→ Record set:
---------------

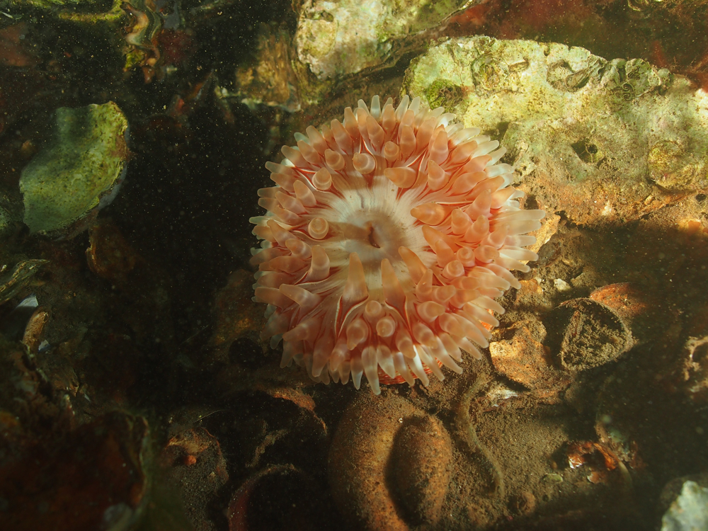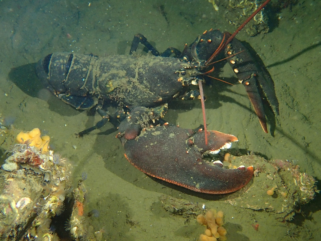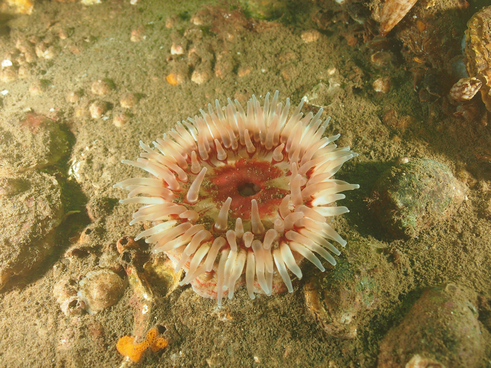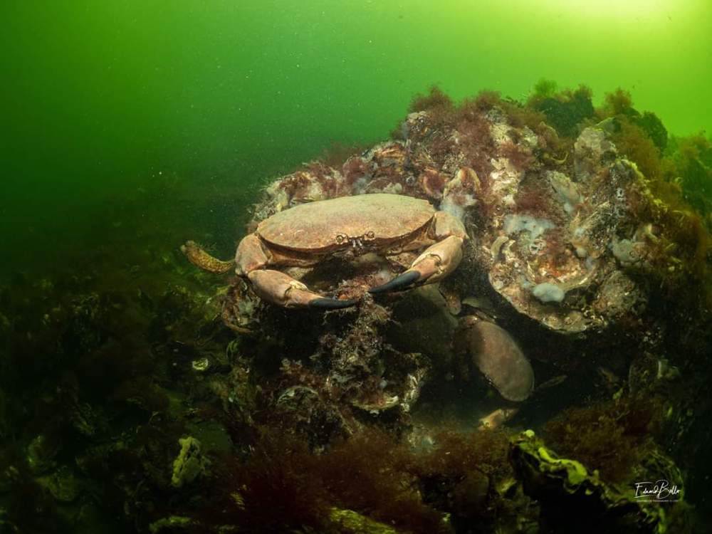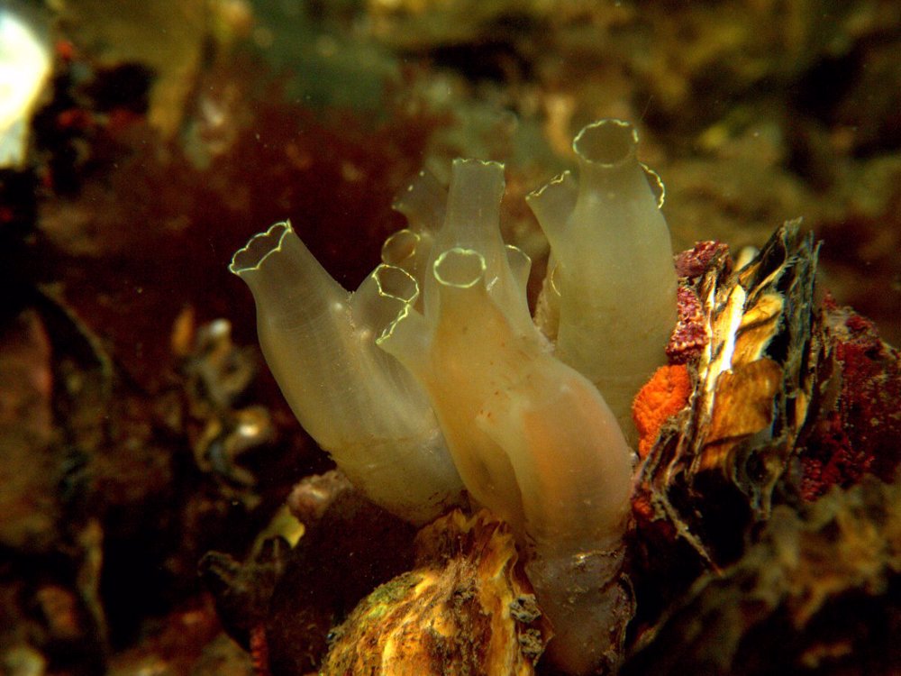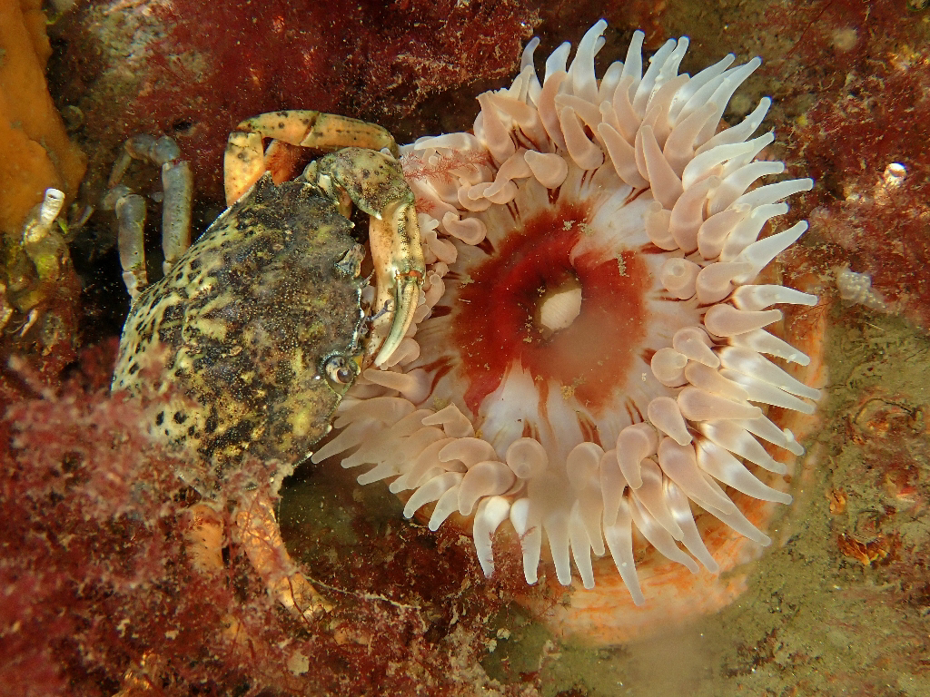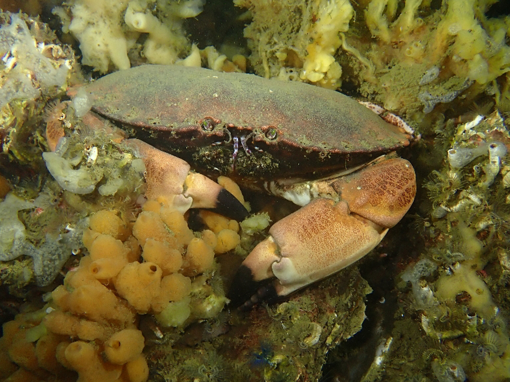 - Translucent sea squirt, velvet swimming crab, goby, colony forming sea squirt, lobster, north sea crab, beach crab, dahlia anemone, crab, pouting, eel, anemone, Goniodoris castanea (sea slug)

---------------

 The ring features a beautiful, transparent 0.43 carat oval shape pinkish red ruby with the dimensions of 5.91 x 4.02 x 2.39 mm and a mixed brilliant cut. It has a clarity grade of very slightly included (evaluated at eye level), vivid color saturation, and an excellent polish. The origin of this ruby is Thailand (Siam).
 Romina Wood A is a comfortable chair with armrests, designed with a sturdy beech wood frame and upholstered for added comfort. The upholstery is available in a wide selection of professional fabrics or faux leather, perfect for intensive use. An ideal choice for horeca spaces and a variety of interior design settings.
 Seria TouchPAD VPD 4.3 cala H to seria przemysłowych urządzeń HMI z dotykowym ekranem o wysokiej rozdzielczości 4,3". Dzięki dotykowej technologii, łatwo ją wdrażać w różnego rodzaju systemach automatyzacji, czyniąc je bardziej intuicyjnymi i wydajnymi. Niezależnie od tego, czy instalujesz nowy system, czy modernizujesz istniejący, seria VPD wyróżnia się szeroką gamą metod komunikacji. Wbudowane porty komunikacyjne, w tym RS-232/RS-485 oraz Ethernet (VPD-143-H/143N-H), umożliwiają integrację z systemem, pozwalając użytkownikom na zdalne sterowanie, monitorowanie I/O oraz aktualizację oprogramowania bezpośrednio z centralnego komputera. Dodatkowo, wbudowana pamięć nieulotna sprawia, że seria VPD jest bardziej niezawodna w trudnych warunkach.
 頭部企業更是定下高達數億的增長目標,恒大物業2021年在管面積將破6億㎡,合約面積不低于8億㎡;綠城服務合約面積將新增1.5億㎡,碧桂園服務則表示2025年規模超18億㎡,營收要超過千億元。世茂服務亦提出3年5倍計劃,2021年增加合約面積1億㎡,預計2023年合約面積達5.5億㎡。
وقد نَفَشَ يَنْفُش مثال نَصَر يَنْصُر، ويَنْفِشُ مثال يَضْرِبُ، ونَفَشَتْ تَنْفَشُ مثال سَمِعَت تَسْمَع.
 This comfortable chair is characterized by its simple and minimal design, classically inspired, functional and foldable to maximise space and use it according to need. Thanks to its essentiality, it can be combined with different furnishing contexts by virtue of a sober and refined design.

---------------

Nothing should appear in the answer except the lines above from the line with "頭部企業更是定下高達數億的增" through the line with "This comfortable chair", both included, written out exactly.

→ Exercise answer:
 頭部企業更是定下高達數億的增長目標,恒大物業2021年在管面積將破6億㎡,合約面積不低于8億㎡;綠城服務合約面積將新增1.5億㎡,碧桂園服務則表示2025年規模超18億㎡,營收要超過千億元。世茂服務亦提出3年5倍計劃,2021年增加合約面積1億㎡,預計2023年合約面積達5.5億㎡。
وقد نَفَشَ يَنْفُش مثال نَصَر يَنْصُر، ويَنْفِشُ مثال يَضْرِبُ، ونَفَشَتْ تَنْفَشُ مثال سَمِعَت تَسْمَع.
 This comfortable chair is characterized by its simple and minimal design, classically inspired, functional and foldable to maximise space and use it according to need. Thanks to its essentiality, it can be combined with different furnishing contexts by virtue of a sober and refined design.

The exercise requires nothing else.